# Which is the better archiving software



## Anorion (Nov 9, 2009)

Ok, you have to be a little quick on this. I was thinking of replacing Winrar with 7zip as the essential unpackaging and packaging utility, but met with some opposition... wanted to settle the question, so just want to know which is the better of the two according to you.


----------



## Krow (Nov 9, 2009)

7zip is my favourite. It does the job better than WinRAR for me. For example, this PDF file of 400MB which was my magazine, had to be uploaded to share with DF members. So I zipped it first using winzip (.zip). Result = 121MB.

Next I RARed it with WinRAR. Result = 102MB. Then 7zip, in .7z format... Result 77MB.

Plus 7zip is totally free, so I am all for it. Although WinZIP has this zipx format which is great for photo compression. Blew away both rar and 7z for jpegs.


----------



## krishnandu.sarkar (Nov 9, 2009)

Yup agree with Krow.....7zip is better.....!!


----------



## techteen (Nov 9, 2009)

Winrar because it's more known and better than winzip.

Not many people know about 7zip yet.


----------



## rhitwick (Nov 9, 2009)

techteen said:


> Winrar because it's more known and better than winzip.
> 
> Not many people know about 7zip yet.


WOW!!!!

What a reason for not using Winrar!!!

Dude, u r in a tech forum, talk sensitive or u will be pwned badly


----------



## Krow (Nov 9, 2009)

techteen said:


> Winrar because it's more known and better than winzip.
> 
> Not many people know about 7zip yet.



Wow! Often the lesser known stuff proves to be better than what the majority uses. Besides, WinRAR is not better than WinZip in photo compression.

I would rather have the better stuff than the popular ones... Same as I hate most pop movies.
-----------------------------------------
Posted again:
-----------------------------------------
Besides, WinRAR is a non-free utility. 7zip is completely free.
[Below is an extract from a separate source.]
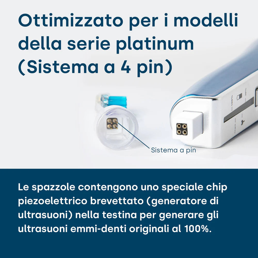 La testina della spazzola ad ultrasuoni del emmi-dent Gli spazzolini ad ultrasuoni contengono uno speciale chip piezoelettrico brevettato (generatore di ultrasuoni) nella testina dello spazzolino per generare il 100% di pulizia originale emmi-dent ultrasuoni. Nelle basi del emmi-dent Le testine Platinum Ultrasonic hanno 4 pin di contatto per la connessione al emmi-dent Cornetta Platinum integrata. Questa innovazione impedisce che si inceppi durante l'inserimento della spina e la testina della spazzola ultrasonica può essere inserita e rimossa facilmente. Inoltre, grazie alla temporizzazione ultrasonica ottimizzata, sono fino a 4 volte più efficaci delle testine degli spazzolini emmi-dent Metallico.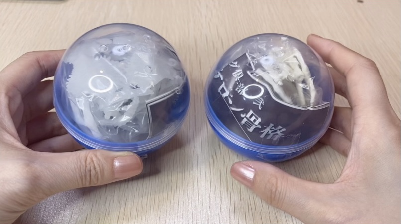 今回、「アイボリー」と「蓄光」が出ましたが、ガチャの玉から出すとこんな感じ。

I would request the x64 build of 7zip for win and lin.


----------



## puneetgarg (Nov 9, 2009)

mine vote too goes to 7zip....the greatest part..its a freeware


----------



## krishnandu.sarkar (Nov 9, 2009)

Ya WinRAR is not free

Whereas 7zip is much more better than both WinRAR and Winzip.


----------



## Anorion (Nov 10, 2009)

Thank you everyone, including techteen. We are replacing 7zip as the essential archiving software.


----------